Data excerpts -
Start of Block

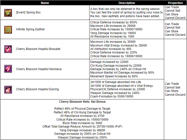 With the coming of spring, warmth fills the air and the smell of flowers blooming saturate the land. To celebrate the spring solstice, we have prepared some great events you can participate in to create powerful Accessories, Relics, and Potions that are sure to help turn the tide of battle. Log in to see what this spring event has to offer!
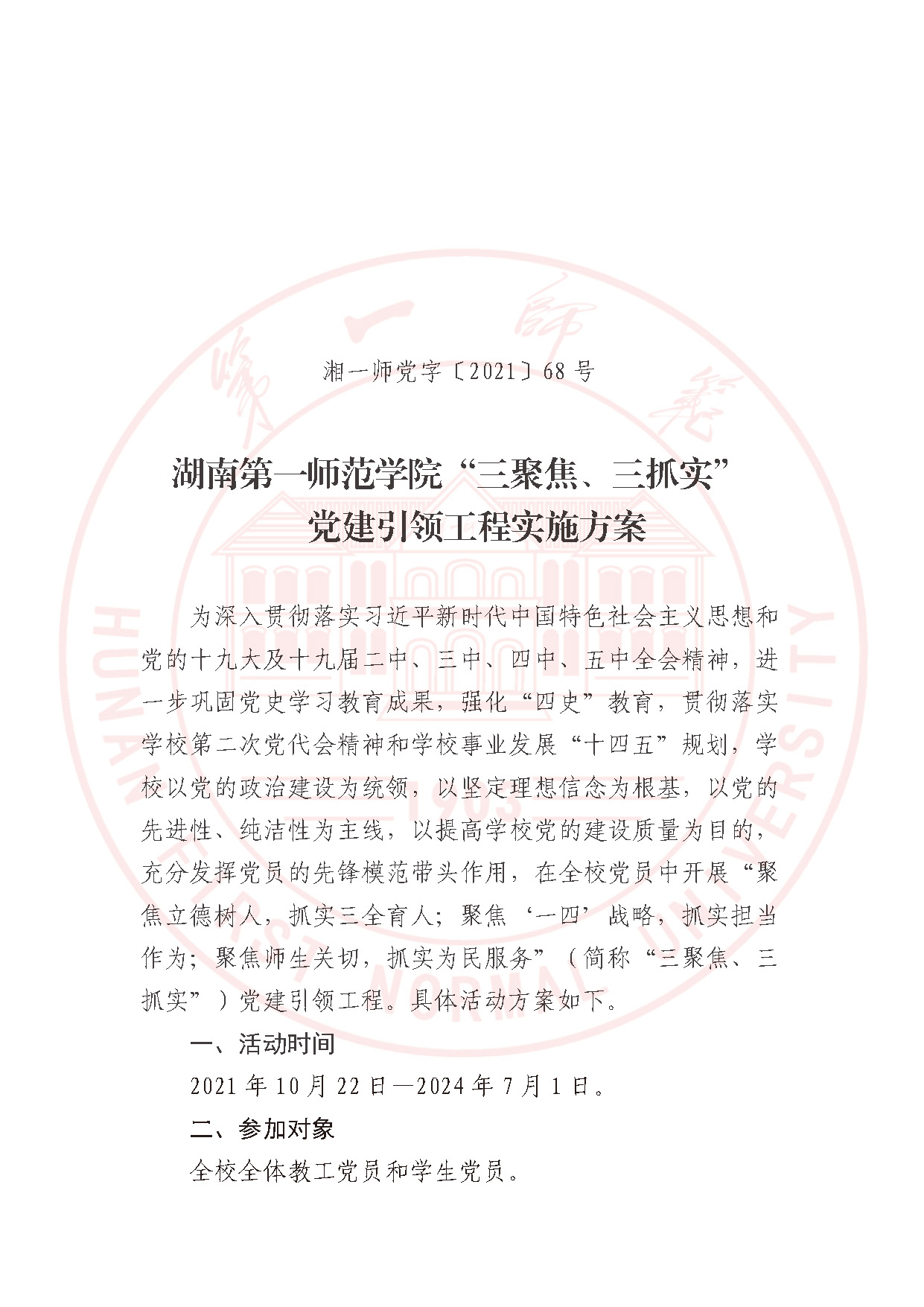 湘一师党字〔2021〕68号 bevictor伟德官网“三聚焦、三抓实”党建引领工程实施方案
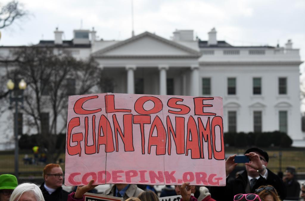 2018年1月11日,人们在美国华盛顿白宫外参加抗议活动,要求关闭关塔那摩监狱。新华社记者殷博古摄
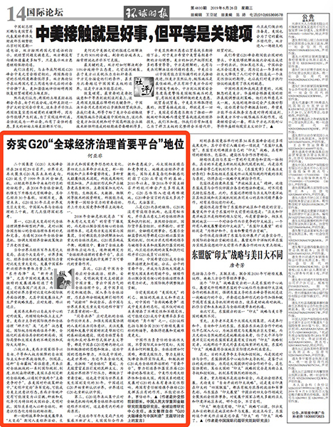 中国作为负责任的全球性大国,不管国际风云如何变幻、大国关系如何纠缠复杂、全球治理如何困难,都需克服阻力,努力支持大阪峰会取得实际成果,积极扶持G20成为全球经济治理的“首要平台”,努力创造条件落实历届G20峰会的各项决定。中美作为两大经济体和全球大国,两国关系的稳定发展对G20的未来有着决定性影响。两国有责任继续携手推动G20发挥其应有的作用,不能前功尽弃,事倍功半。(欢迎关注人大重阳新浪微博:@人大重阳 ,微信公众号:rdcy2013)
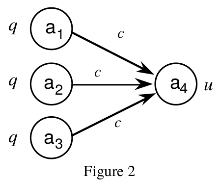 由此产生的概率分布应如下表“共同效应因果模型”下所示。Q是父母的无条件概率。

End of Block

What the answer needs is every line from the one containing "湘一师党字〔2021〕68号" through the final line of the data above, copied exactly, without pictures.

 湘一师党字〔2021〕68号 bevictor伟德官网“三聚焦、三抓实”党建引领工程实施方案
 2018年1月11日,人们在美国华盛顿白宫外参加抗议活动,要求关闭关塔那摩监狱。新华社记者殷博古摄
 中国作为负责任的全球性大国,不管国际风云如何变幻、大国关系如何纠缠复杂、全球治理如何困难,都需克服阻力,努力支持大阪峰会取得实际成果,积极扶持G20成为全球经济治理的“首要平台”,努力创造条件落实历届G20峰会的各项决定。中美作为两大经济体和全球大国,两国关系的稳定发展对G20的未来有着决定性影响。两国有责任继续携手推动G20发挥其应有的作用,不能前功尽弃,事倍功半。(欢迎关注人大重阳新浪微博:@人大重阳 ,微信公众号:rdcy2013)
 由此产生的概率分布应如下表“共同效应因果模型”下所示。Q是父母的无条件概率。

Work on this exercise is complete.